System.IO.Compression

M

Mark Rae

Hi,

In v1.1, I used the Chilkat component for compression support, but am now
looking at using the new System.IO.Compression namespace in .NET2

I found this article on the web:
http://www.developer.com/net/net/article.php/3510026 which explains how to
compress and decompress files, and the code certainly works, but the author
mentions that the decompression method is not very efficient because it has
to read the compressed file twice in order to know how large it is.

Can anyone tell me if there is a better / more efficient way to do that?

Any assistance gratefully received.

Mark
 
J

Jon Skeet [C# MVP]

Mark said:
In v1.1, I used the Chilkat component for compression support, but am now
looking at using the new System.IO.Compression namespace in .NET2

I found this article on the web:
http://www.developer.com/net/net/article.php/3510026 which explains how to
compress and decompress files, and the code certainly works, but the author
mentions that the decompression method is not very efficient because it has
to read the compressed file twice in order to know how large it is.

Can anyone tell me if there is a better / more efficient way to do that?

You could decompress by writing each decompressed chunk you read into a
MemoryStream instead, then get the array after that. You might waste a
bit of time/memory copying things around, but it would only need to
read the data once.

Jon
 
M

Mark Rae

You could decompress by writing each decompressed chunk you read into a
MemoryStream instead, then get the array after that. You might waste a
bit of time/memory copying things around, but it would only need to
read the data once.

Yes, I see what you're saying.

I'm also reading quite a few postings around the net that the new
System.IO.Compression functionality "isn't very good", at least not for file
compression / decompression - is this the general consensus around here?

The 3rd-party component I've been using up to now is available for .NET2, so
I might just continue to use it anyway...
 
J

Jon Skeet [C# MVP]

Mark said:
Yes, I see what you're saying.

I'm also reading quite a few postings around the net that the new
System.IO.Compression functionality "isn't very good", at least not for file
compression / decompression - is this the general consensus around here?

Well, it's somewhat limited in terms of it being solely stream
compression - zip files themselves can't be extracted, etc. I don't
know much more about it than that though.
The 3rd-party component I've been using up to now is available for .NET2, so
I might just continue to use it anyway...

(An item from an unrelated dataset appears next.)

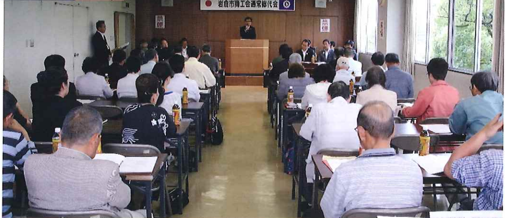
(第 57 回通常総代会)

SharpZipLib by any chance? I've used that too, and it works well -
although there's a bug which I reported a while ago which worried me
somewhat. (It was unable to decompress its own compressed data.) It may
have been fixed by now, of course...

Jon
 
M

Mark Rae

SharpZipLib by any chance?

No - I tried that, but didn't like it.

I'm using this: http://www.chilkatsoft.com/ChilkatDotNet.asp

I originally started using it back in v1.0 days, because the contract I was
working on needed to support compression, FTP and encryption, and this did
all three plus loads more besides.

Their support is excellent too. Recently, I had a requirement to interface
with an ancient VMS machine at a company in Canada via FTP, and they worked
with me to iron out the various issues, specifically with the way VMS stores
more than one file of the same name, differentiated by version numbers e.g.

JON.SKEET;1
JON.SKEET;2
JON.SKEET;3

Basically, I sent them all of the error logs, and they sent me an updated
version of their DLL with updated VMS support.
 
G

Guest

I've used Mike Krueger, et al SharpZipLib for all kinds of compression
needs, both Zip and in-memory, and I'm sure the bug that Jon referred to has
long since been fixed. Something about having all the source code handy just
gives me a better comfort level. And once when first started out I had a
question and Mike was gracious enough to supply me with some sample code.
Peter

--
Co-founder, Eggheadcafe.com developer portal:
http://www.eggheadcafe.com
UnBlog:
http://petesbloggerama.blogspot.com
 
J

Jon Skeet [C# MVP]

Peter said:
I've used Mike Krueger, et al SharpZipLib for all kinds of compression
needs, both Zip and in-memory, and I'm sure the bug that Jon referred to has
long since been fixed. Something about having all the source code handy just
gives me a better comfort level. And once when first started out I had a
question and Mike was gracious enough to supply me with some sample code.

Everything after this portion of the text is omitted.